The Wall Street Journal
By GEOFFREY T. SMITH
MARSEILLE, France—The German
government has nominated Jörg Asmussen to succeed Jürgen Stark on the executive
board of the European Central Bank, Finance Minister Wolfgang Schaeuble said
Saturday.
At a news conference after
weekend meetings of the finance ministers and central-bank governors of the
Group of Seven leading industrialized nations, Mr. Schaeuble said he hoped that
Mr. Asmussen would be able to assume Mr. Stark's duties toward the end of the
year.
Mr. Asmussen is currently
deputy finance minister. His position there is something of an anomaly, as he
is a member of the Social Democratic Party in a center-right government of
Christian Democrats and Free Democrats. He originally had been appointed by the
previous finance minister, Peer Steinbrück, who served under Chancellor Angela
Merkel in a "Grand Coalition" until autumn 2009. Finance Minister
Schaeuble had kept him on because of his first-hand experience of the first
wave of the financial crisis.
Mr. Schaeuble said he had
notified Jean-Claude Juncker, head of the euro group of finance ministers, of
the government's proposal earlier Saturday. The proposal must be endorsed first
by the euro group and the euro-zone's heads of state, and the European
Parliament and the ECB itself must also be consulted.
With Mr. Asmussen having
accumulated profound experience of the euro zone's debt crisis over the past
three years, and with the substantial political will of Germany behind the
proposal, it is unlikely that the nomination will fail.

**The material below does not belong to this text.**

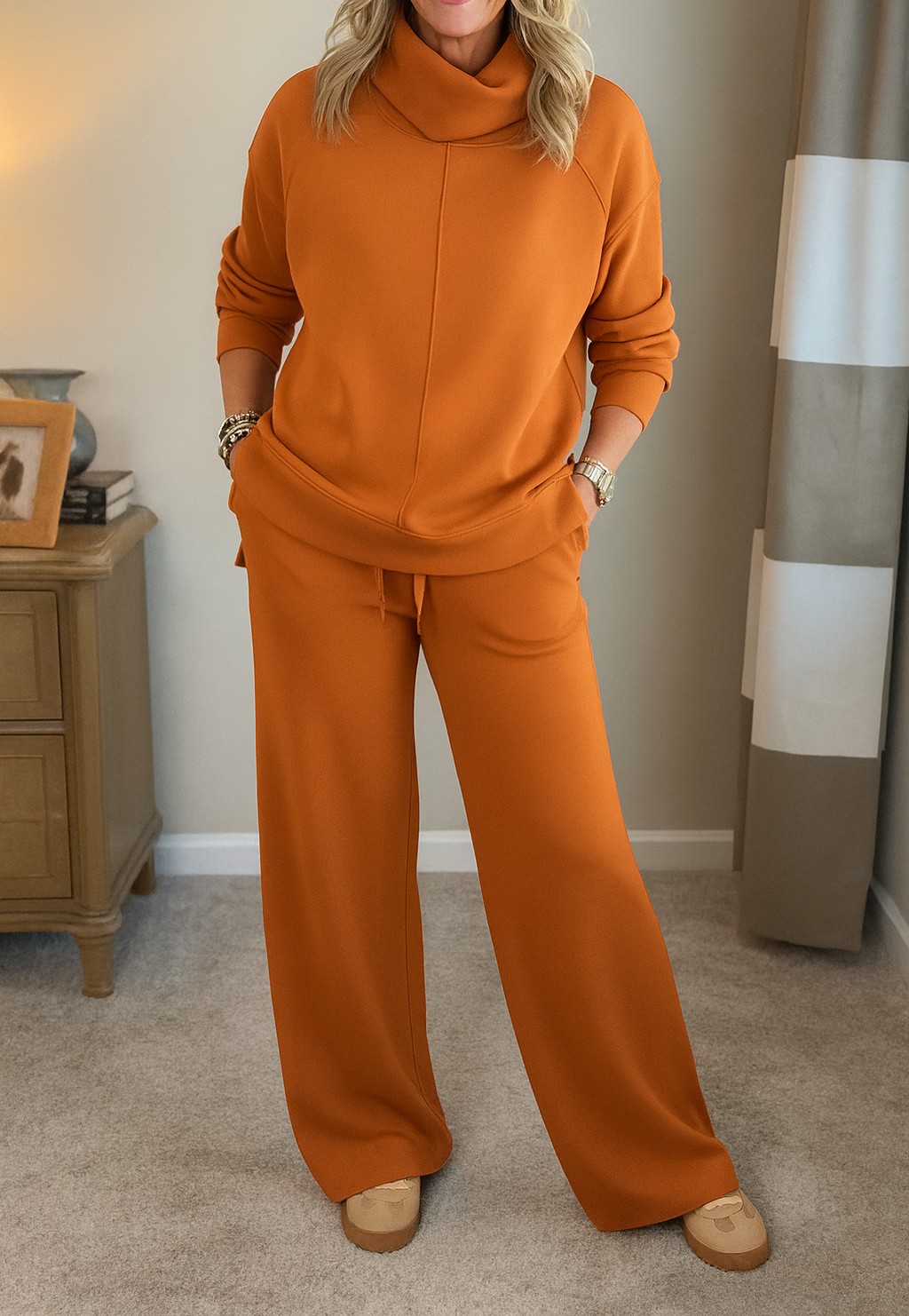 La parte superior presenta un cuello envolvente tipo chimenea, ideal para mantener el calor con estilo. Su diseño holgado y las costuras centrales dan un acabado pulido, mientras que los pantalones wide-leg aportan libertad de movimiento y una caída impecable. El tejido suave y cálido asegura confort durante todo el día.

Joachim Poss, deputy finance
spokesman for the SPD in Berlin, said that the Finance Ministry had "made
a good choice," and dropped the clearest hint yet that the reasons for Mr.
Stark's sudden resignation, which shocked financial markets Friday, lay in the
ECB's controversial policy of buying the government bonds of troubled states.
Mr. Stark himself had cited only "personal reasons."
"It's to be hoped that
the political conditions that would make it unnecessary for the ECB to buy
government bonds in future will be put in place as quickly as possible,"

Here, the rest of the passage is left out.